Early Release

This evaluator reflects early-stage work. We’re continuously improving its accuracy and reliability.

Requirements

To run the Sentence Structure Evaluator, you need the Python code, which runs the entire workflow. The code includes several components:
  • Two Python functions to conduct sentence analysis. These functions work together to do the following:
    • The first function calculates statistics such as the number of sentences and words using the Python library textstat. It then feeds these statistics into an LLM, which uses the ground truth data to compute additional text features such as the number of sentences by sentence type, the number of subordinate clauses, etc.
    • The second function deterministically normalizes those statistics. We split out this step because the LLM can produce inconsistent results for normalized statistics.
  • The prompts to assign complexity.
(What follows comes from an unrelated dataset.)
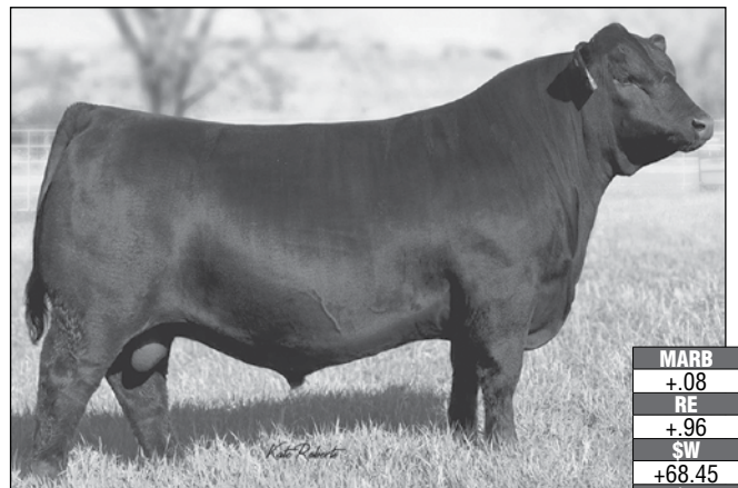
SAV Raindance 6848

Owned by Watchwind Farm and Connecticut Junior Republic A blending of the proven growth values of SAV Universal with the high maternal traits of the Pure Pride cow family in this young female, whose dam records WR 1@114. Due to calve 9/13/19 to SAV Raindance 6848.

This takes the text, grade level, and sentence statistics as input, and produces a score of the text’s sentence structure complexity for a particular grade.
  • A model and temperature setting. We found this to be the most accurate:
    • Model: gpt-4o
    • Temperature: 0

Running the evaluator

  1. We recommend copying the sentence structure evaluation workflow into your notebook environment (e.g. Jupyter notebook, Databricks notebook, etc).
  2. Then, provide all data to be evaluated as a dataframe, and run the workflow.
If you prefer to run by function:
  1. Run the Python function that calculates initial text statistics.
  2. Run the Python function that normalizes text statistics from step 1.
  3. Using the statistics produced in step 2, make an API call to gpt-4o using the prompts that assign complexity.

Choosing test passages

As you choose texts to test, keep in mind:
  • Personal data: Use only anonymous, general-purpose, informational text. Never use student information, real-world personal data, or any content subject to privacy regulations such as FERPA, COPPA, HIPAA, or GDPR.
  • Grade level: This evaluator was tested on AI-generated informational texts for grades 3-4. It might not be as reliable for texts meant for lower or higher grades.
  • Passage length: We tested with texts that range between approximately 100 to 200 words (max 1200 characters). We recommend evaluating passages that fall within this range.
Run multiple times.We recommend repeating these steps 3 times per text passage to smooth over any errors the LLM might make
Run sentence analysis in two functions and complexity assignment in a separate prompt.We split the evaluation into multiple stages because the evaluator can get confused when the stages are combined.
Apply a voting mechanism.
Because LLMs can return different results for the same input, even when their temperature settings are low, we recommend running the evaluation 3x for each input and treating each complexity rating as a “vote” towards the true rating. You may want to try a higher number of runs for even greater confidence in the LLM’s output.